If the military wants to increase its recruiting and mentorship of junior officers, that’s perfectly fine, but surely the military has more pressing concerns than the racial makeup of its senior officer corps.

This segment was sponsored by Fidelity.

Here is a transcript for the November 11 show:

MSNBC

Jose Diaz-Balart Reports

10:40 AM ET

JOSE DIAZ-BALART: And as we honor our nation’s veterans, we’re taking a look at Latinos in the military and the struggle for many to rise through the ranks. Tom Llamas anchor of “Top Story” on NBC News now has more. Tom

TOM LLAMAS: Jose, for years thousands of Latinos have enlisted across all branches of the military but very few have risen through the ranks. In our series, “Those Who Serve”, we asked a top Pentagon official what’s is preventing so many Latinos being promoted? 

LLAMAS: Ricardo Aponte remembers the highs of being an airman, but can’t forget the lows, setbacks that grounded his career. 

RICARDO APONTE: It’s a dream of a life time. I fell in love with flying back when I was 7 years old. 

LLAMAS: But, after serving the country for 15 years, that dream came to a screeching halt. 

APONTE: I saw no more future in the active duty for me. 

LLAMAS: He was no longer rising in the ranks. He says he wasn’t sure why until he looked in the mirror. Do you think the opportunities to hit the right steppingstones in the military didn’t come to you because you were Hispanic? 

APONTE: Yes. The short answer is yes. 

LLAMAS: Why did you think it had to do with your ethnicity? 

APONTE: I have no other reason to think it had to do with anything else. 

LLAMAS: Aponte went on to serve in the Air Force Reserve, where he says he received the right training and mentoring to move up, becoming a brigadier general before retiring in 2007. Latinos make up just over 17% of active duty members, but only 8% of the officer corps and 1% of general and flag officers. Right now there’s only one three-star general, no four-star general and there’s never been a Hispanic secretary of defense. 

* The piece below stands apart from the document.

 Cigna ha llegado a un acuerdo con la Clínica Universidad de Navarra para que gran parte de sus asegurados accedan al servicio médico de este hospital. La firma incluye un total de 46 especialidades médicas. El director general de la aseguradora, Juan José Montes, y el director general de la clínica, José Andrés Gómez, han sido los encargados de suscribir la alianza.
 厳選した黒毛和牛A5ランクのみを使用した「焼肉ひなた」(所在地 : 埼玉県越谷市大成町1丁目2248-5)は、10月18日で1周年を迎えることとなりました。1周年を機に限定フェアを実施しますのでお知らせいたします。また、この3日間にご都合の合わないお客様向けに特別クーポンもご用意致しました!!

ALFREDO SANDAVOL: We’re being ignored. Latinos in the military are not mentored by senior leadership and the reason is senior leadership that looks and is Hispanic does not exist. 

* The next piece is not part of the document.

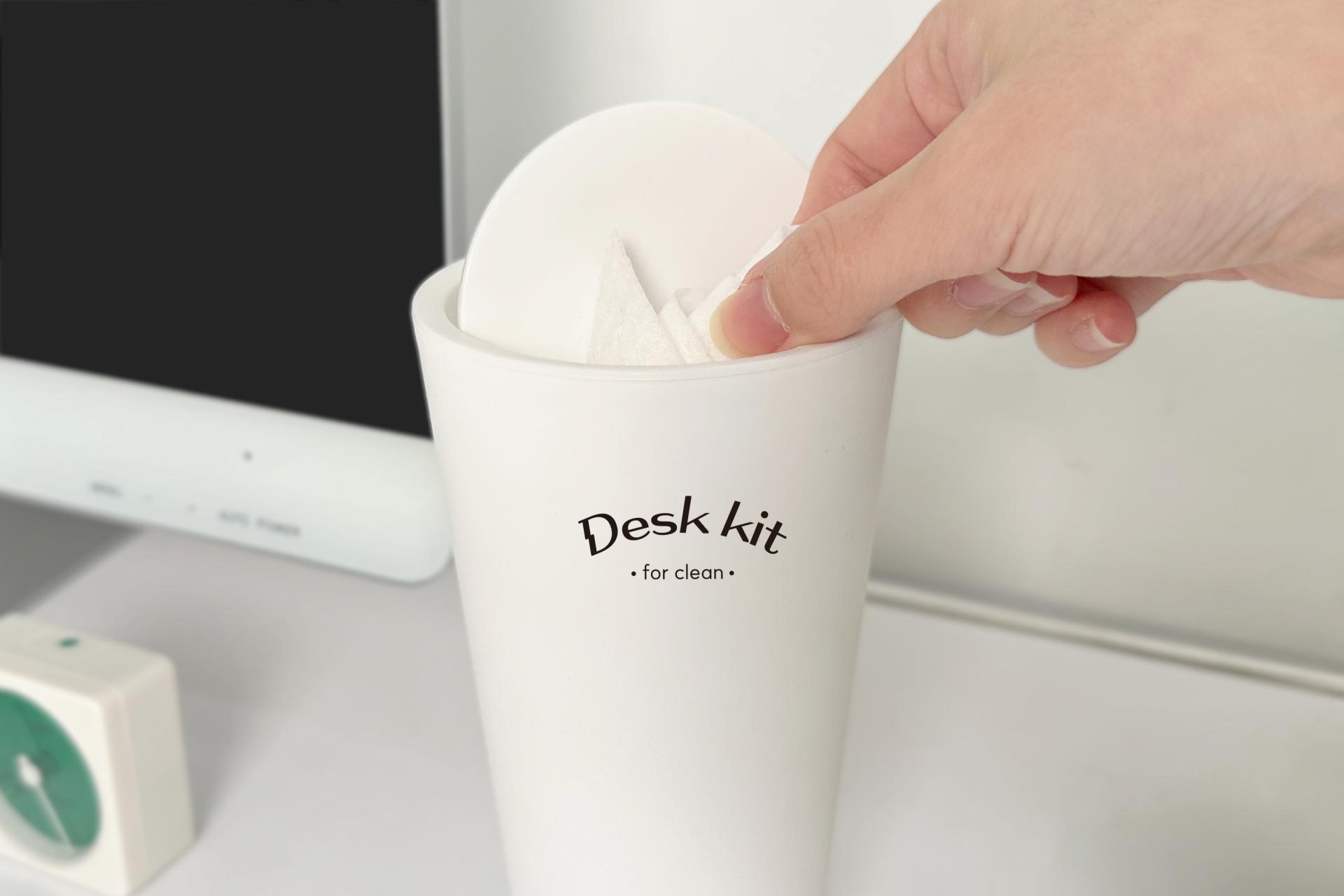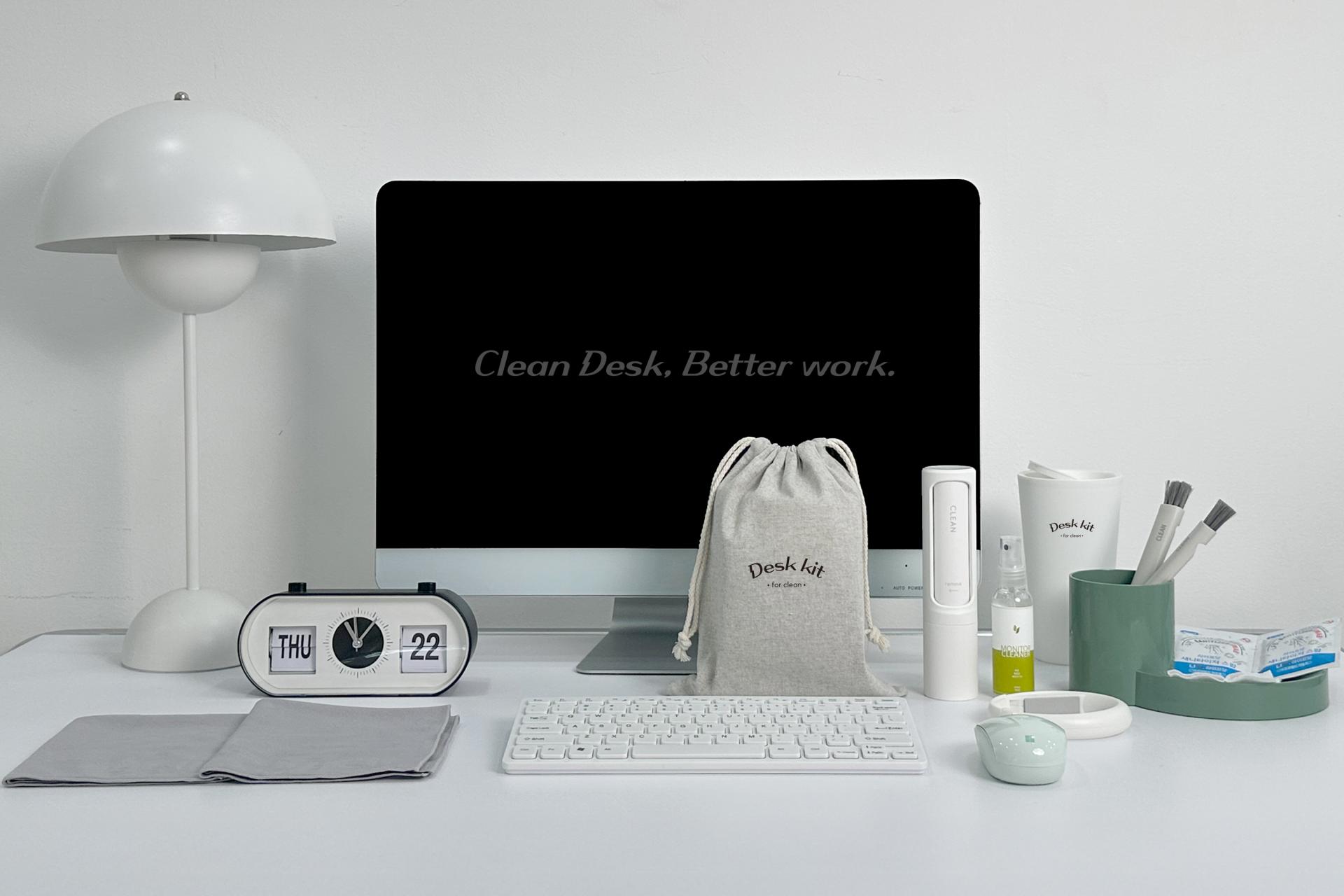 책상 위 필요한 청소와 번거로움을 즉각적으로 해결할 수 있도록 기획한 데스크 키트입니다. 화이트&그레이 톤의 모던한 컬러의 구성품으로 시각적인 정돈감을 전달하며, 업무 환경을 개선하면서도 브랜드 아이덴티티를 자연스럽게 담아낼 수 있는 실속형 키트입니다.

LLAMAS: One of the newest undersecretaries at the DOD is Gilbert Cisneros. He revealed to us he experienced firsthand, the dead end many Hispanics face in the military during his time in the Navy. 

GILBERT CISNEROS: I can even look at my own self. I was passed up for, at the O-3 level for promotion. 

LLAMAS: So, you experienced this? 

CISNEROS: I have and so, but, you know, here this is one of the reasons I wanted this job. 

LLAMAS: What did you blame it on? 

CISNEROS: You know — hmm. You know, going back and reflecting on why I was passed over, you can kind of think like okay, was there bias or was there racism toward that? I can kind of assume that might have been part of it. 

LLAMAS: Now he’s in a position to change that. So how do you do that? What is the Biden administration doing to fix this problem? 

CISNEROS: There’s a lot of things that we’re going to do, mentorship is one of the things but a number of things coming down from recruiting talent to retaining talent in order to grow those individuals so that we can have Latinos become, you know, flag and general officers. 

LLAMAS: Nonprofit organizations like Esposas Militares, Military Family Advisory Network, ANSO or the Association of Naval Services Officers, and others are tackling challenges when it comes to Latinos in the military. 

ROY LOVE: ANSO has a lot of retired flag officers who offer their time up freely, that mentor young junior officers. We need allies, we people that can look down and say we need to help the young men and women. 

LLAMAS: These groups serving a new type of mission long overdue. Jose, as the undersecretary told me you don’t make general overnight. It will takes decades, so this will take a long time. We reached out to every branch in the military, all of them mentioned targeted recruitment efforts and mentorship, including the U.S. Army, who launched a new initiative this year to best recruit diverse talent and broaden the access to senior reserve officer training.